In [68]:
from __future__ import division
import os
os.chdir('/Users/willettk/Astronomy/Research/GalaxyZoo/rgz-analysis/python/')

import rgz

In [4]:
subjects,classifications,users = rgz.load_rgz_data()

(1) Of the 6970 volunteers, how many are anonymous? Or are all anonymous users classified as one user?


In [29]:
total_users = users.count()

c = classifications.find_one()
rgz_project_id = c['project_id']

did_at_least_one = users.find({'projects.%s.classification_count' % rgz_project_id:{'$gte':1}})

In [58]:
registered_users = users.find({'projects.%s.classification_count' % rgz_project_id:{'$gte':1},'name':{'$exists':True}})
print '%i registered users did at least 1 RGZ classification.' % registered_users.count()


6902 registered users did at least 1 RGZ classification.

In [ ]:
from collections import Counter

anonymous_classifications = classifications.find({'user_name':{'$exists':False}})
ips = [c['user_ip'] for c in anonymous_classifications]
ip_counter = Counter(ips)

registered_classifications = classifications.find({'user_name':{'$exists':True}})
rips = [c['user_ip'] for c in registered_classifications]
rip_counter = Counter(rips)

In [62]:
print '%i different IP addresses submitted an anonymous RGZ classification.' % len(ip_counter)


20396 different IP addresses submitted an anonymous RGZ classification.

(2) What is the highest number of classifications that one user has completed?


In [66]:
mc = max(users.find({'projects.%s.classification_count' % rgz_project_id:{'$gte':1}},{'projects.%s.classification_count' % rgz_project_id:1,'_id':0}))
nmax = mc['projects'][str(rgz_project_id)]['classification_count']
max_user = users.find_one({'projects.%s.classification_count' % rgz_project_id:nmax})
print 'Most classifications done is %i by %s' % (nmax,max_user['name'])


Most classifications done is 72823 by antikodon

(3) How many classifications have come from anonymous users? Do we include them in our analysis?


In [69]:
ac = anonymous_classifications.count()
cc = classifications.count()
print '%i RGZ classifications were by anonymous users. This is %.2f percent of the total.' % (ac,ac/cc * 100)

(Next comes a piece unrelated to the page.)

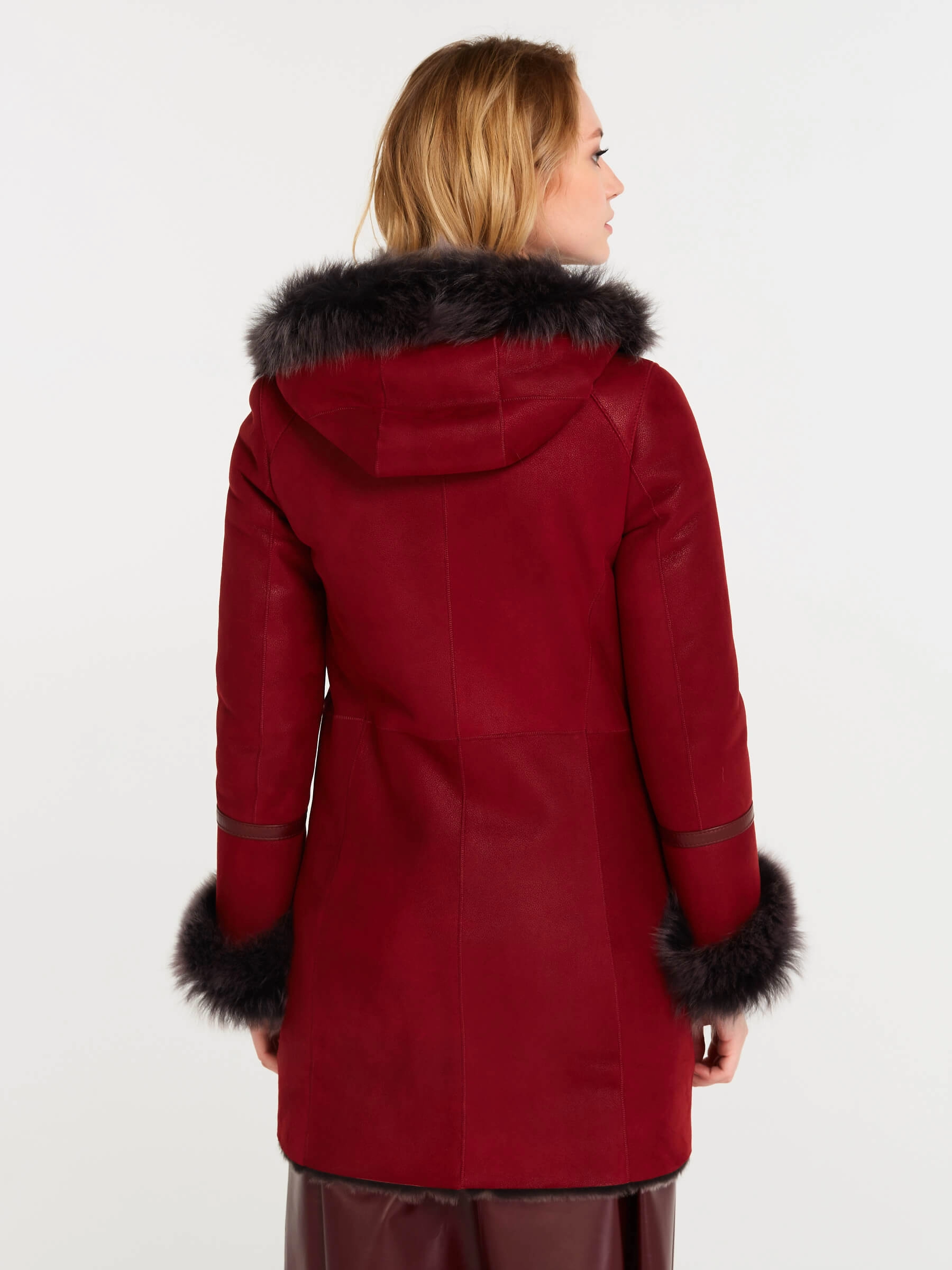 Дубленка косуха женская с капюшоном из тосканы 293, красная, размер 42, артикул 61570

321549 RGZ classifications were by anonymous users. This is 26.68 percent of the total.

Anonymous and registered classifications are treated identically in the current analysis.

(4) A plot of percentage of total classifications per user or number of classifications per user. Whichever looks better. Split the superusers from everyone else as the graph will look funny if we put everyone together. Can we use username or should we label the users as 1, 2, 3 etc.?


In [72]:
%pylab inline
import pandas as pd


Populating the interactive namespace from numpy and matplotlib

In [73]:
# Retrieve RGZ data, convert into data frames
batch_classifications = classifications.find({"updated_at": {"$gt": rgz.main_release_date}})
dfc = pd.DataFrame( list(batch_classifications) )

In [75]:
rgz.plot_user_counts(dfc)


(5) to highlight the contribution of superusers, can you get the completion fraction of the project with and without the superusers?


In [74]:
rgz.plot_empirical_distribution_function(dfc)